When evidence or knowledge of a physical association mechanism is available, or the regulatory outcome is known, curators should use the most specific term from the ontology or CV that is justified by the experimental evidence.

Rule 3: the provenance and evidence types of the annotation must be specified

A basic task in any annotation procedure is to keep track of provenance (i.e. reference to scientific reports), as it allows consumers of a causal statement to check the quality of an annotation, and the supporting evidence. This evidence may either be curated from biological or other assays, or acquired from computational analysis. Provenance and evidence types affect trust that a data user may have and influence the decision of incorporating a causal statement in a model. For instance, one may consider a manually curated statement more valuable and trustworthy than an automatically generated one because of the errors that may be associated with computational inference and text-mining extraction of causal interactions (Britan et al., 2018).

3.1 The reference

When a causal statement is curated manually from an experiment, it is always extracted from a description of that experiment, usually a publication, so the reference to that publication or other source must be provided. If a combination of several articles has led to the finding of a causal interaction, then the full list of these publications must be provided. Each of the publications in the list provides a necessary but not sufficient part of the evidence, and the full list is a minimal set of articles that provide sufficient evidence to support the causal interaction. For instance, if two studies (1 and 2) of a causal molecular interaction performed within the same biological context report (1) a causal effect between two molecules and (2) a physical binding of these same molecules, one may infer by induction from both that there is a direct causal effect involving these molecules. Statement trustworthiness should not be assessed by counting references within a statement. Still, multiple statements expressing the same causal interaction, but each with different reference(s), could make it more trustworthy: the fact that a specific causal relationship is observed in multiple independent experiments by independent researchers may be indicative of the reproducibility of experimental conditions under which the causal interaction occurs. It is recommended that the PubMed identifier is used for the article(s) curated. A Digital Object Identifier (DOI) can also be provided in case of articles not referenced in MEDLINE, e.g. to refer to manuscripts available in preprint servers.

3.2 The type of evidence

The type of evidence for declaring and annotating a causal statement must be provided. This information corresponds to the experimental or other data on which the causal interaction is based. The causal statement may be electronically inferred (e.g. through text-mining or in silico study), observed during a certain experiment (in which case in vivo and in vitro studies can be specified), just mentioned (author statement) in a paper, or based on a combination of evidence as in Rule 3.1 (e.g. a causal interaction assessed from the necessary combination of an author statement and the results of an experiment). In the latter case, multiple identifiers can be recorded. When the evidence type is an experiment, the annotation can either be at the less specific level (e.g. experimental evidence, ECO:0000006) or as specific as possible (e.g. a yeast 2-hybrid evidence used in manual assertion, ECO:0005805). The type of evidence should be specified with terms from the Evidence & Conclusion Ontology [ECO (Giglio et al., 2019)].

3.3 The experimental setup

If the type of evidence is an experiment (Rule 3.2), the particular experimental conditions that support the causal statement should be recorded, to enable users to select causal statements that meet a particular confidence level. An experimental setup can also be used to specify metadata about the source and target (i.e. the set of experimental procedures used to construct, produce, purify, etc.). For example, if the type of evidence for a causal statement is a ‘reporter gene assay’, additional metadata could be added to the entities, e.g. the source entity was overexpressed (MI:0506), and both the source and the target entities were engineered (MI:0331).

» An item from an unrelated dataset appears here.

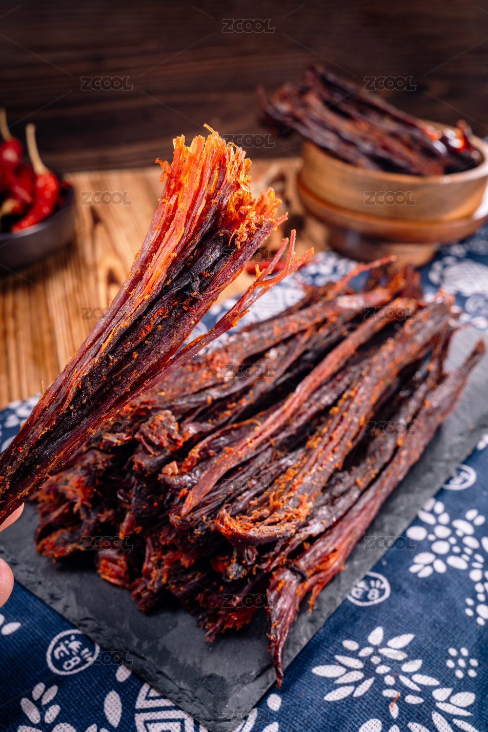 石板上的豬肉干巴

The following recommended ontology/CV should be used to capture the experimental condition:

  • the Evidence & Conclusion Ontology (ECO),

  • the PSI-MI ‘experimental preparation’ branch (MI:0346),

  • the Ontology for Biomedical Investigations [OBI (Bandrowski et al., 2016)].

Rule 4: the defining contextual details should be specified

While causal statements as they are defined above are already useful for building mechanistic models, their relevance becomes even greater when they indicate the experimental context of the corresponding observation. If applied to any other context, it is possible that the causal interaction does in fact not occur for that context. Defining the contextual details may also help to disambiguate statements that would otherwise appear to be conflicting, because the nature of a causal relationship in a given interaction can vary depending on the context. This information benefits data users, who may need to select relevant causal interactions valid for specific conditions. The better the contextual information is, the lower the chance that the causal statement is taken as generally valid and wrongly applied. All molecular interaction causal statements should therefore provide the biological contextual details that are essential to define the specific circumstances in which the causality has been observed (e.g. interaction observed in a particular cell type). The context can be attributed to the source entity, the target entity or the interaction itself. A comprehensive description of the context in which a causal interaction has been observed is essential for humans and computers to infer knowledge and generate hypotheses. Of course, when a paper does not provide certain contextual details a curator cannot annotate them, but when these details are described, it is highly recommended to include them. The conditions under which the context and particulars are optional or required to be annotated are described in the following sections (Rules 4.1–4.5).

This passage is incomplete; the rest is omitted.